Outro dos dados divulgados que salta à vista é que Portugal continua a ser um dos países onde o poder de compra das famílias é dos mais baixos. Isto apesar de o custo de vida no País continuar abaixo da média europeia, mesmo que o salário médio em Portugal, desde 2015, tenha aumentado 50,9% (acima da média europeia de 33,2%). No extremo oposto está o Luxemburgo, que acaba por ter o custo de vida mais elevado dos 27 mas, ao mesmo tempo, também tem o maior poder de compra. Segundo os dados analisados pela Pordata, o rendimento mediano das famílias do Grão-Ducado permitiria comprar quase duas vezes mais cabazes de bens essenciais do que em Portugal. Esse rácio é maior (de quase três vezes mais cabazes) quando comparado com a Hungria, a Eslováquia e a Grécia.

No que ao PIB (Produto Interno Bruto) per capita diz respeito, os indicadores são também positivos para Portugal. Entre 2020 e 2024, aumentou 40% em valor nominal e 10% em valor real, sendo o sexto país da UE que mais cresceu neste indicador.

No entanto, a Pordata destaca que o rendimento do trabalho em Portugal para o PIB foi de 47,7 mil euros. Ou seja: Portugal é um dos países em que o trabalho menos rende em termos de economia interna, sendo o 19.º entre os 27 Estados-membros. Ainda assim, por cá, a contribuição do trabalho para o PIB foi quase o dobro da Bulgária (26 mil euros).

A Irlanda lidera neste campo, com cada trabalhador a contribuir, em média, 194,4 mil euros para a economia interna.

Dependência energética grande

A Pordata constata também que Portugal ainda tem uma grande dependência energética (64,5%). Ainda assim, o estudo destaca que houve uma redução de 5,7 pontos percentuais na última década. No contexto europeu, nenhum Estado-membro é independente em termos energéticos. Malta é o que tem maior necessidade de energia externa (98,4%). A Estónia é quem tem menos dependência energética (13%).

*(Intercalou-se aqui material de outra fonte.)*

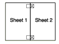 Place Sheet 1 on Sheet 2 and align the cross markers on both sheets, then temporarily tape them from the back side of the paper.
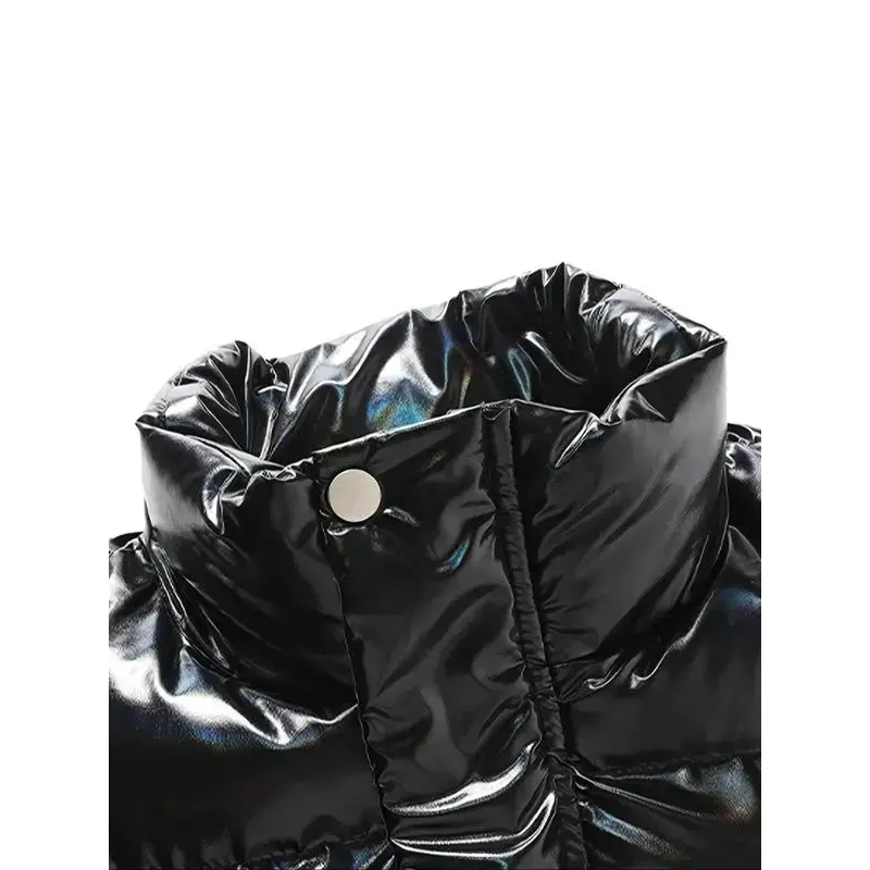 Wintry Faux Leather Hooded Puffer
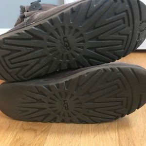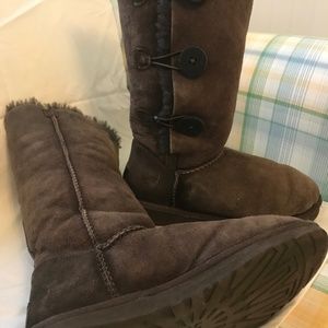 Very nice condition UGG tall Triplet Bailey Button boots. Very little wear on sole. No toe scuffs. Fleece inside is in great shape. Small dark smudge on the top front of the boot. Color is chocolate brown.
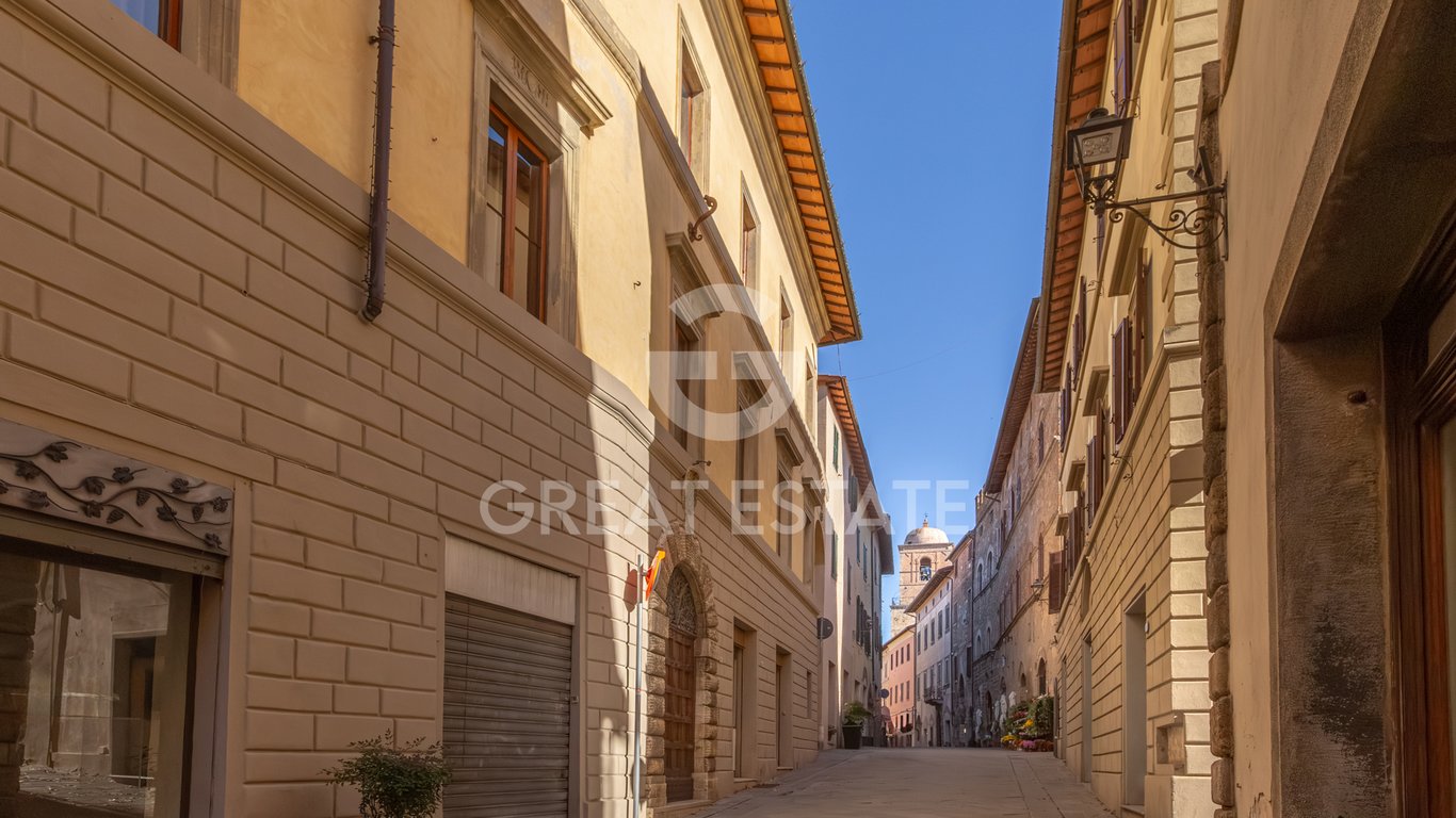 In the heart of the historic center of Chiusi (SI), a charming village with Etruscan origins, this elegant apartment of approximately 340 sqm occupies the noble floor of an ancient palace, preserving all the charm and nobility of its era. A place where history and everyday life meet in perfect harmony: spacious rooms, high wooden coffered ceilings with original paintings, natural light filtering through large windows, and enchanting views over historic buildings and the village rooftops. The a...
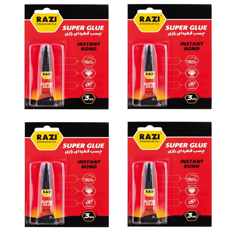 چسب قطره ای رازی مدل Super Glue حجم 3 میلی لیتر بسته 4 عددی
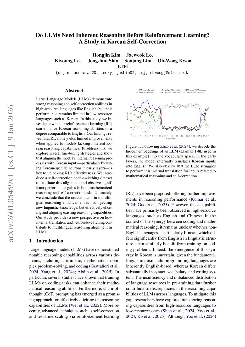 Do LLMs Need Inherent Reasoning Before Reinforcement Learning? A Study in Korean Self-Correction

Poucos gases com efeito de estufa

O estudo mostra ainda que Portugal é o terceiro país da UE que menos emissões de gases com efeito de estufa tem. Ao todo, entre 2014 e 2024, Portugal emitiu 4,8 toneladas destes gases por habitante. À exceção da Cróacia e da Roménia, todos os países têm reduzido as suas emissões. A Estónia, o Luxemburgo (que, mesmo assim, continua a ser o que mais emite, com 11,2 toneladas/habitante) e Malta lideram esta redução.